What is needed:
The material below holds the lines to copy: from the one with "58g, 1200 Lumens: The" up to and including the one with "De zeefdruk is". Copy them exactly and skip the pictures.
** Opening Excerpted data block **
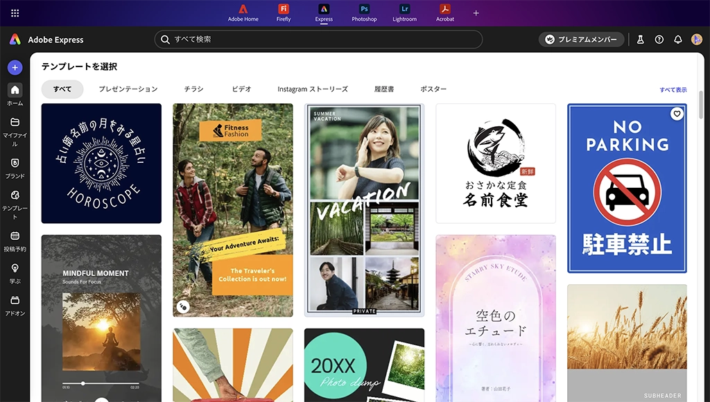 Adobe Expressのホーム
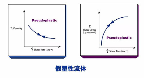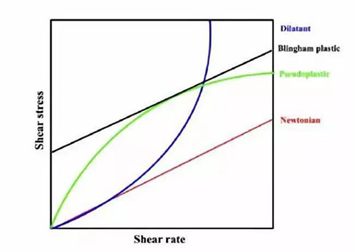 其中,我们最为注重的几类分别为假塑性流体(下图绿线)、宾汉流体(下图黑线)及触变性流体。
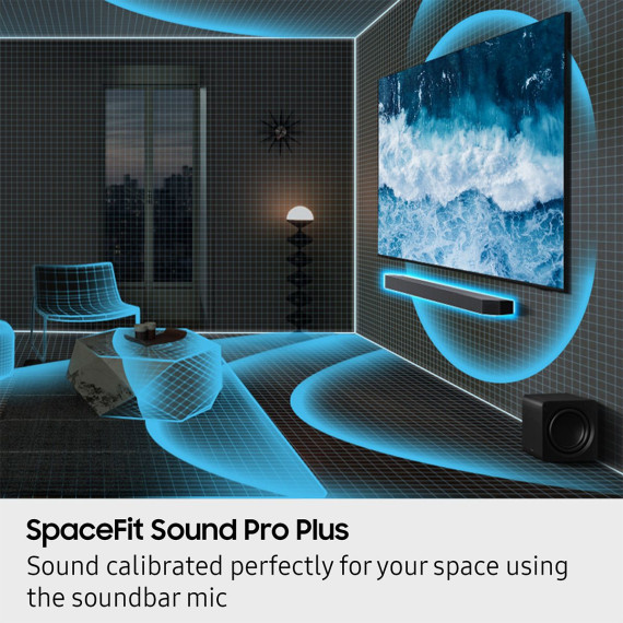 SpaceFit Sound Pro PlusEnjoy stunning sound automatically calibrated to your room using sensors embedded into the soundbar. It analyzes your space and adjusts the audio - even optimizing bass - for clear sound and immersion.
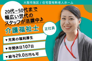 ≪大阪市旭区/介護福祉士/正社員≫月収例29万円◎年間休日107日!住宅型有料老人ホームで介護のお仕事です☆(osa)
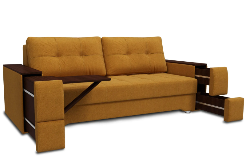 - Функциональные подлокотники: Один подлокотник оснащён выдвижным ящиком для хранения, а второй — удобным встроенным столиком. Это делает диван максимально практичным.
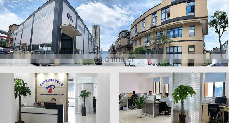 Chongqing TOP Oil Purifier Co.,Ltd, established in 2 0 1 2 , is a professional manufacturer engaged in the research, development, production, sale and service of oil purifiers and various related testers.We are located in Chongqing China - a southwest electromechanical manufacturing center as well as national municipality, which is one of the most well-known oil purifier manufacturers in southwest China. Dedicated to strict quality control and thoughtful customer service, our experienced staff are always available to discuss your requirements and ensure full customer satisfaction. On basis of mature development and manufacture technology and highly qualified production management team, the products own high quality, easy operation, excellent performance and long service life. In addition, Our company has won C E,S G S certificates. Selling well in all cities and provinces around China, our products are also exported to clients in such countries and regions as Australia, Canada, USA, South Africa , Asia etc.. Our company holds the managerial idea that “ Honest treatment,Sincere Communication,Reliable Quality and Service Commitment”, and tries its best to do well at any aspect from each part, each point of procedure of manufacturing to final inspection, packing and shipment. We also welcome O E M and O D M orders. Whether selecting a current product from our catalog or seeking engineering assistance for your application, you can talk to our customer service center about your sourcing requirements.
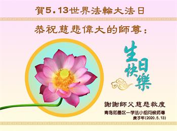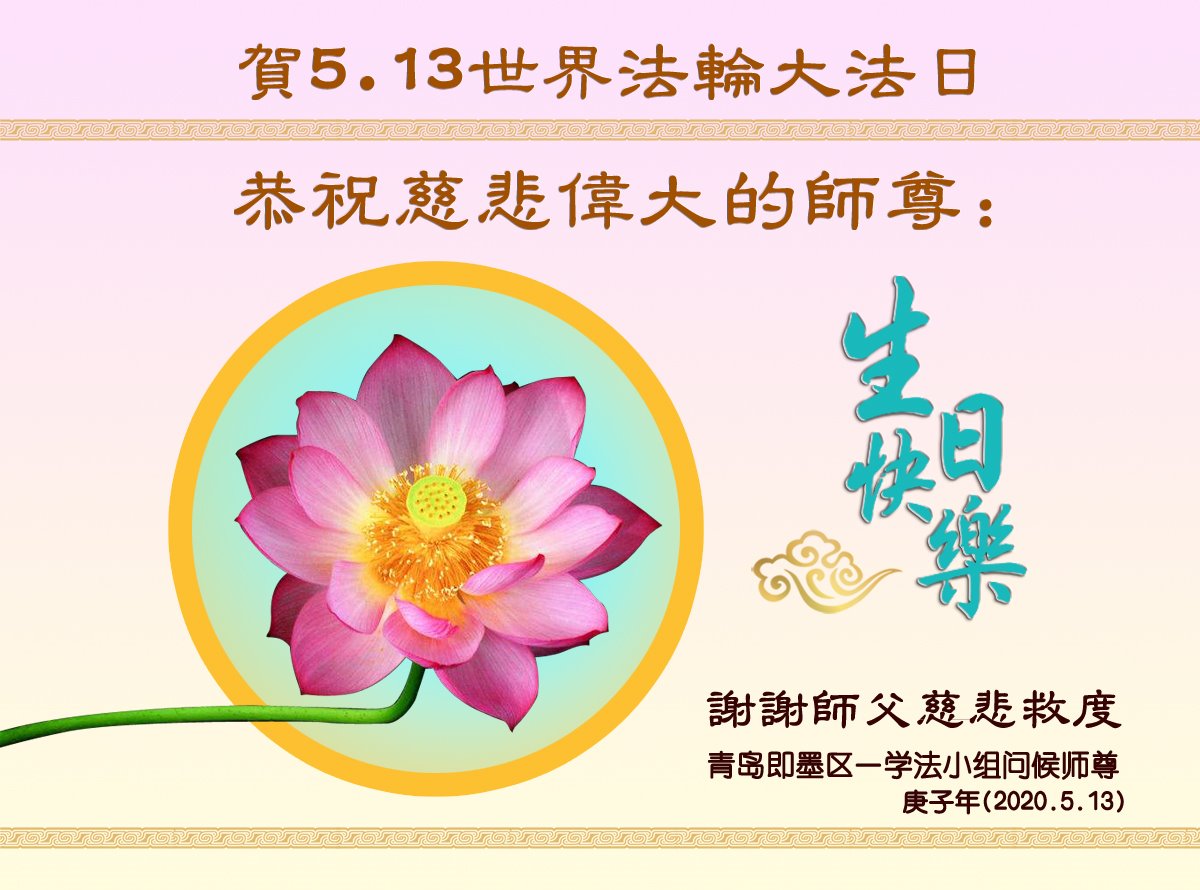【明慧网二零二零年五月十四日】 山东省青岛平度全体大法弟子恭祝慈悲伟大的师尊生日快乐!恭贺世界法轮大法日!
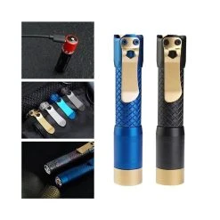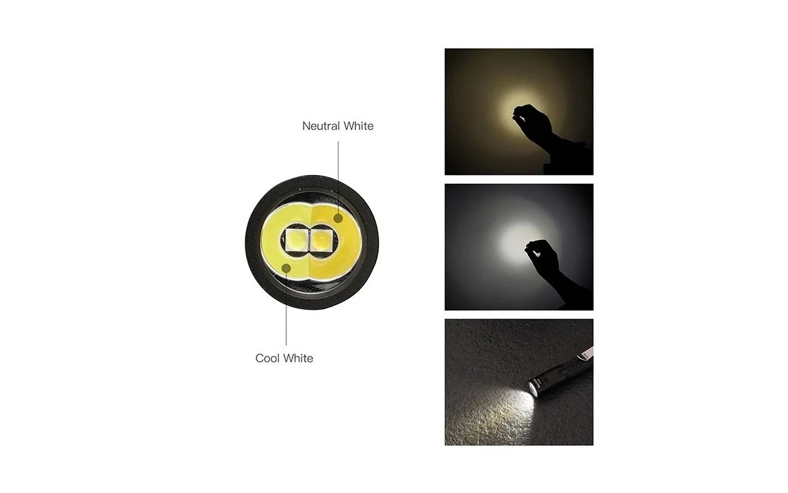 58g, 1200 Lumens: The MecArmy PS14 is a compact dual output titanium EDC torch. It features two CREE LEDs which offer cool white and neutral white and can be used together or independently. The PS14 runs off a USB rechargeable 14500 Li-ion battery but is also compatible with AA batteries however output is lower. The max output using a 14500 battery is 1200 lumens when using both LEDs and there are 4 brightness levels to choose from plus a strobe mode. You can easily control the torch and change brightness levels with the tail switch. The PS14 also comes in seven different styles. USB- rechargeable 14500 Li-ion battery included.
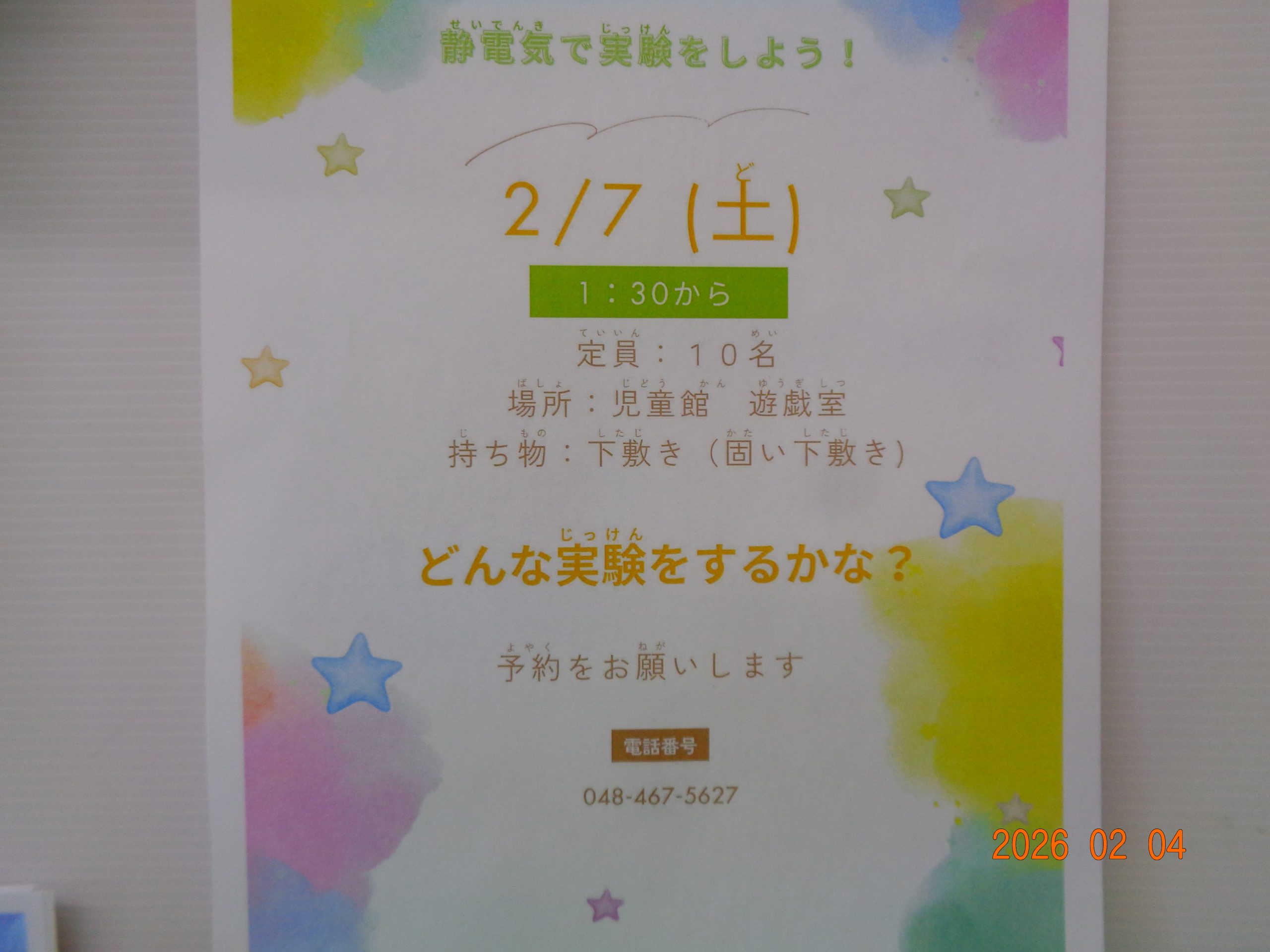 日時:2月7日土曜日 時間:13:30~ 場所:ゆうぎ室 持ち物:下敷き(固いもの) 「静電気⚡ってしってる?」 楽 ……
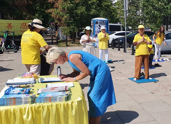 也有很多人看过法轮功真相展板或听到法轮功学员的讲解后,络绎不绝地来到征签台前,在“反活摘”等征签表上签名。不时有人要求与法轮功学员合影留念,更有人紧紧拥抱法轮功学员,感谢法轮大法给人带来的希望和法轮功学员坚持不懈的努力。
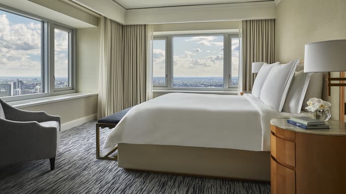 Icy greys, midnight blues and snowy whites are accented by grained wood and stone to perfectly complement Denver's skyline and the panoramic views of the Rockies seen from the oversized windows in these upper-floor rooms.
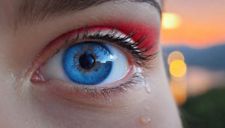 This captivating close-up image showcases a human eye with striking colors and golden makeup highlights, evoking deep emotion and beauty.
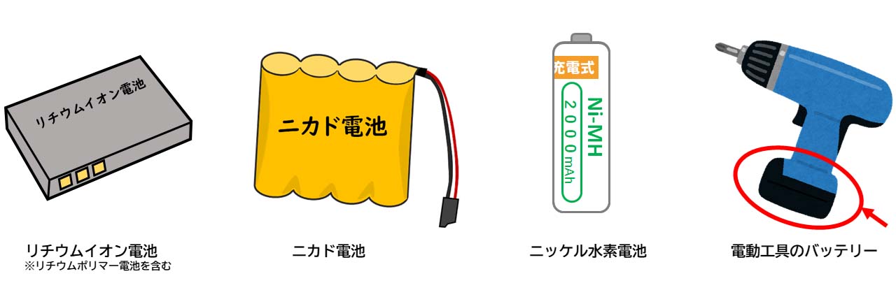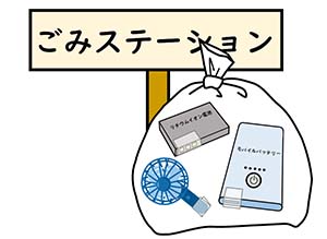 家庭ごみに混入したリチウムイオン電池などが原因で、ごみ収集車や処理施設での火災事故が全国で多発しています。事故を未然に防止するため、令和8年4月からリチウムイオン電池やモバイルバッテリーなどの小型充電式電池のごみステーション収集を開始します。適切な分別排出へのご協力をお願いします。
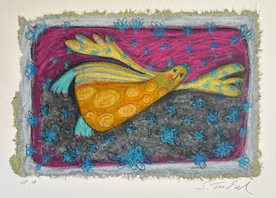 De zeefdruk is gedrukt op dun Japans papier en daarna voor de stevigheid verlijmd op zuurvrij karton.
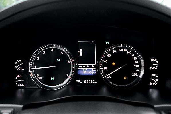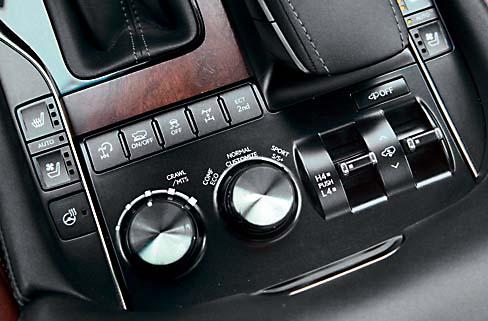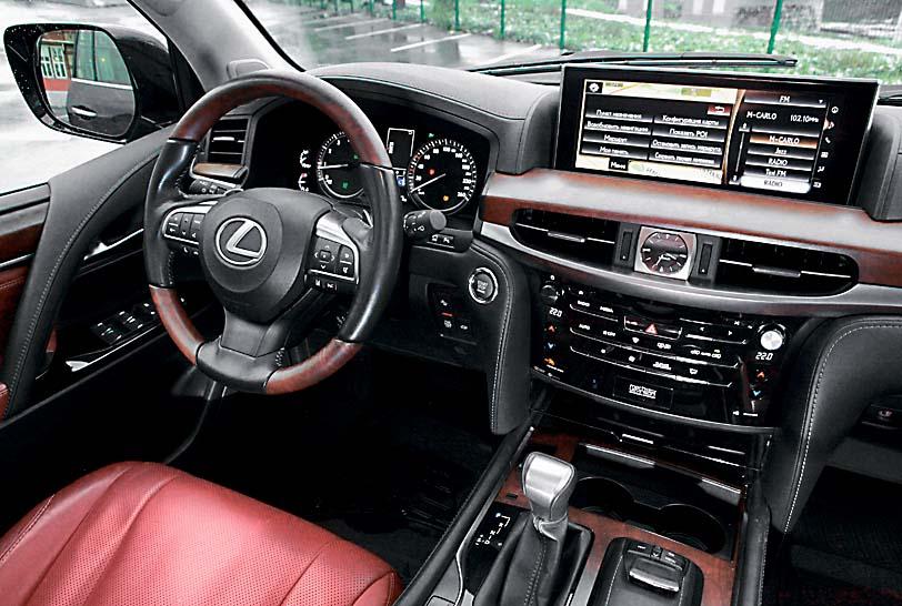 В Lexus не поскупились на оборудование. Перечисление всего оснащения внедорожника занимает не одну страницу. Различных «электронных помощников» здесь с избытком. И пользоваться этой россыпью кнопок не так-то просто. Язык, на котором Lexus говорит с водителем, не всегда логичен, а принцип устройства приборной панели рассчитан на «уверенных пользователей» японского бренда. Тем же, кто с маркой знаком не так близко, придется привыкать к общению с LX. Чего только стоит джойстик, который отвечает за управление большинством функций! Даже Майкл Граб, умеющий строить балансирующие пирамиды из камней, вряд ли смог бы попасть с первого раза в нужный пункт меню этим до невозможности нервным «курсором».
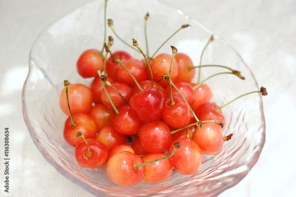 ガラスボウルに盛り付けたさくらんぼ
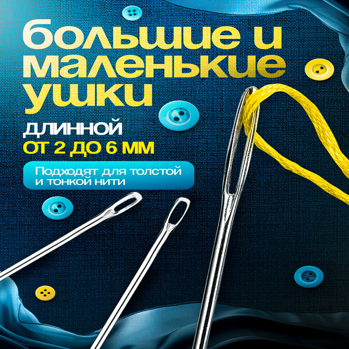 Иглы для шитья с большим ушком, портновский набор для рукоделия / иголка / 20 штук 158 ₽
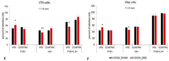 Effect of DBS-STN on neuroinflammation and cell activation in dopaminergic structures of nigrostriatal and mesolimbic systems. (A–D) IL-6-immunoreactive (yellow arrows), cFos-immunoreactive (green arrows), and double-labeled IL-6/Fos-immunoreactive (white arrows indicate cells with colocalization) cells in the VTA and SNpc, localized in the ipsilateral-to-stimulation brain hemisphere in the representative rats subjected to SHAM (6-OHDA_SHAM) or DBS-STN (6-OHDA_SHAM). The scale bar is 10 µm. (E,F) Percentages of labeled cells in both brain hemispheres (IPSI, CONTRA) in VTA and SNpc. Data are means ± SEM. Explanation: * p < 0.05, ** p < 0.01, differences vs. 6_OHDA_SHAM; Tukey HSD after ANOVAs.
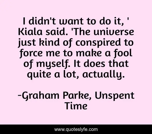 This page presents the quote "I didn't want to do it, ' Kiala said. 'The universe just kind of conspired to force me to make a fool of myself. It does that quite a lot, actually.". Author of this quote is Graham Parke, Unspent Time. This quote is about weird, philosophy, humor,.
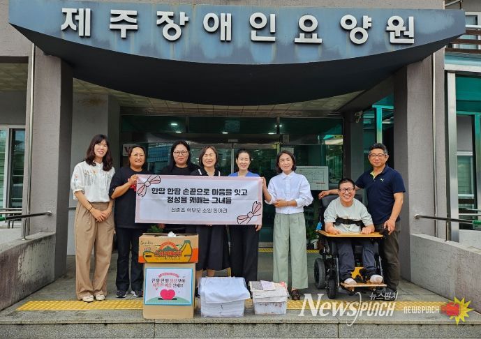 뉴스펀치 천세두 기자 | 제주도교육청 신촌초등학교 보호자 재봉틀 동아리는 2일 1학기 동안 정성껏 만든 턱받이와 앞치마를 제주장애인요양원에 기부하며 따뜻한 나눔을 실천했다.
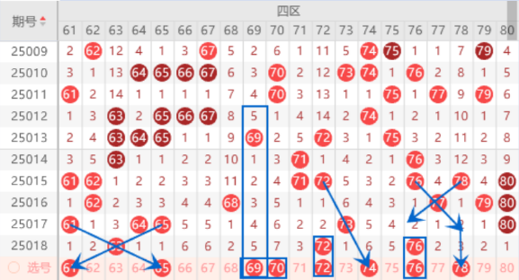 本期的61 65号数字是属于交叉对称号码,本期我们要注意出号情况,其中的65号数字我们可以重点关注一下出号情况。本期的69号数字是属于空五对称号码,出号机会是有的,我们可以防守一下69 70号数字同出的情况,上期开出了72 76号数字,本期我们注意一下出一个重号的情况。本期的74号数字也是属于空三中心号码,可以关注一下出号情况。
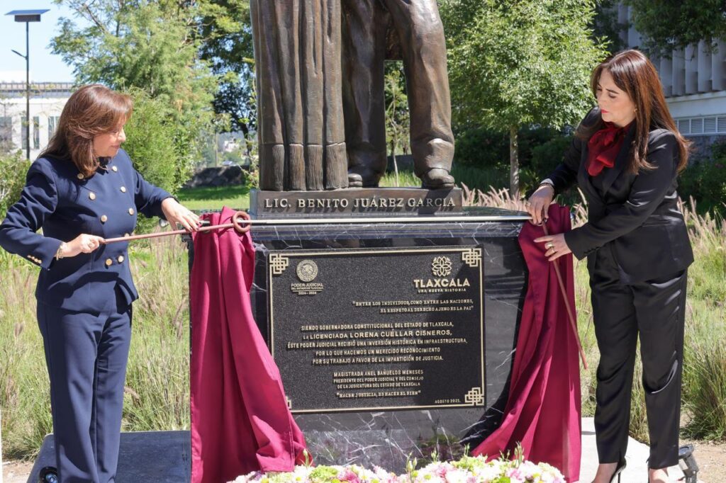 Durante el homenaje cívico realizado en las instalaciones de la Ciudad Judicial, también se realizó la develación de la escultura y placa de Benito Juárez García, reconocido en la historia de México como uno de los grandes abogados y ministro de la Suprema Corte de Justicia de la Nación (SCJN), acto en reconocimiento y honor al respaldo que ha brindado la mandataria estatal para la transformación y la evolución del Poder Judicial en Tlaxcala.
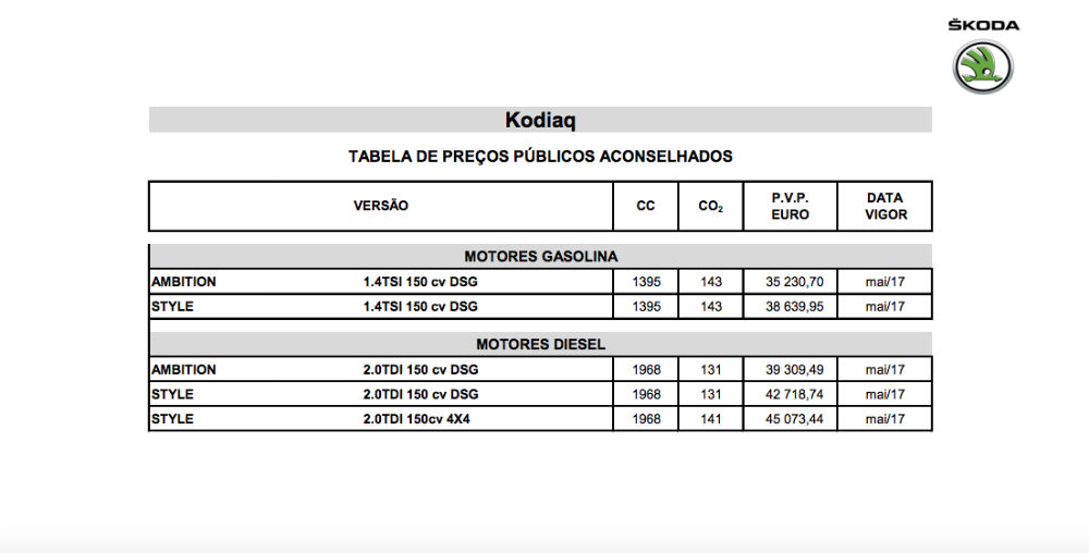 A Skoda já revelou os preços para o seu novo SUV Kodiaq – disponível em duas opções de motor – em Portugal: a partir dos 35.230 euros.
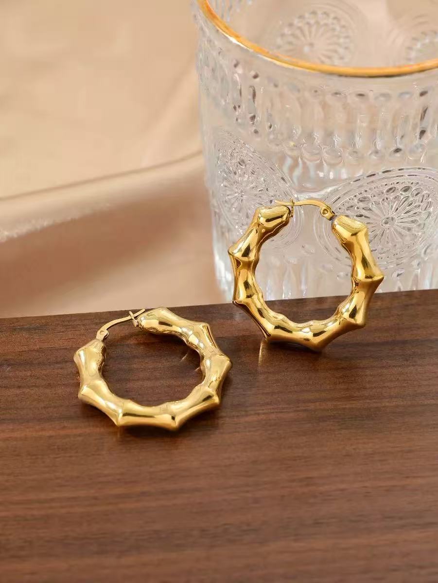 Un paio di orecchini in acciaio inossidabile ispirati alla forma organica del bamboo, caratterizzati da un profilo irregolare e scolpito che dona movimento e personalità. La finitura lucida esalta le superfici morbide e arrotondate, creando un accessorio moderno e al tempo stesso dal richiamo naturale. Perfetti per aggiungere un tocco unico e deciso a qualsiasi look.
** Closing Excerpted data block **
Written solution:
 58g, 1200 Lumens: The MecArmy PS14 is a compact dual output titanium EDC torch. It features two CREE LEDs which offer cool white and neutral white and can be used together or independently. The PS14 runs off a USB rechargeable 14500 Li-ion battery but is also compatible with AA batteries however output is lower. The max output using a 14500 battery is 1200 lumens when using both LEDs and there are 4 brightness levels to choose from plus a strobe mode. You can easily control the torch and change brightness levels with the tail switch. The PS14 also comes in seven different styles. USB- rechargeable 14500 Li-ion battery included.
 日時:2月7日土曜日 時間:13:30~ 場所:ゆうぎ室 持ち物:下敷き(固いもの) 「静電気⚡ってしってる?」 楽 ……
 也有很多人看过法轮功真相展板或听到法轮功学员的讲解后,络绎不绝地来到征签台前,在“反活摘”等征签表上签名。不时有人要求与法轮功学员合影留念,更有人紧紧拥抱法轮功学员,感谢法轮大法给人带来的希望和法轮功学员坚持不懈的努力。
 Icy greys, midnight blues and snowy whites are accented by grained wood and stone to perfectly complement Denver's skyline and the panoramic views of the Rockies seen from the oversized windows in these upper-floor rooms.
 This captivating close-up image showcases a human eye with striking colors and golden makeup highlights, evoking deep emotion and beauty.
 家庭ごみに混入したリチウムイオン電池などが原因で、ごみ収集車や処理施設での火災事故が全国で多発しています。事故を未然に防止するため、令和8年4月からリチウムイオン電池やモバイルバッテリーなどの小型充電式電池のごみステーション収集を開始します。適切な分別排出へのご協力をお願いします。
 De zeefdruk is gedrukt op dun Japans papier en daarna voor de stevigheid verlijmd op zuurvrij karton.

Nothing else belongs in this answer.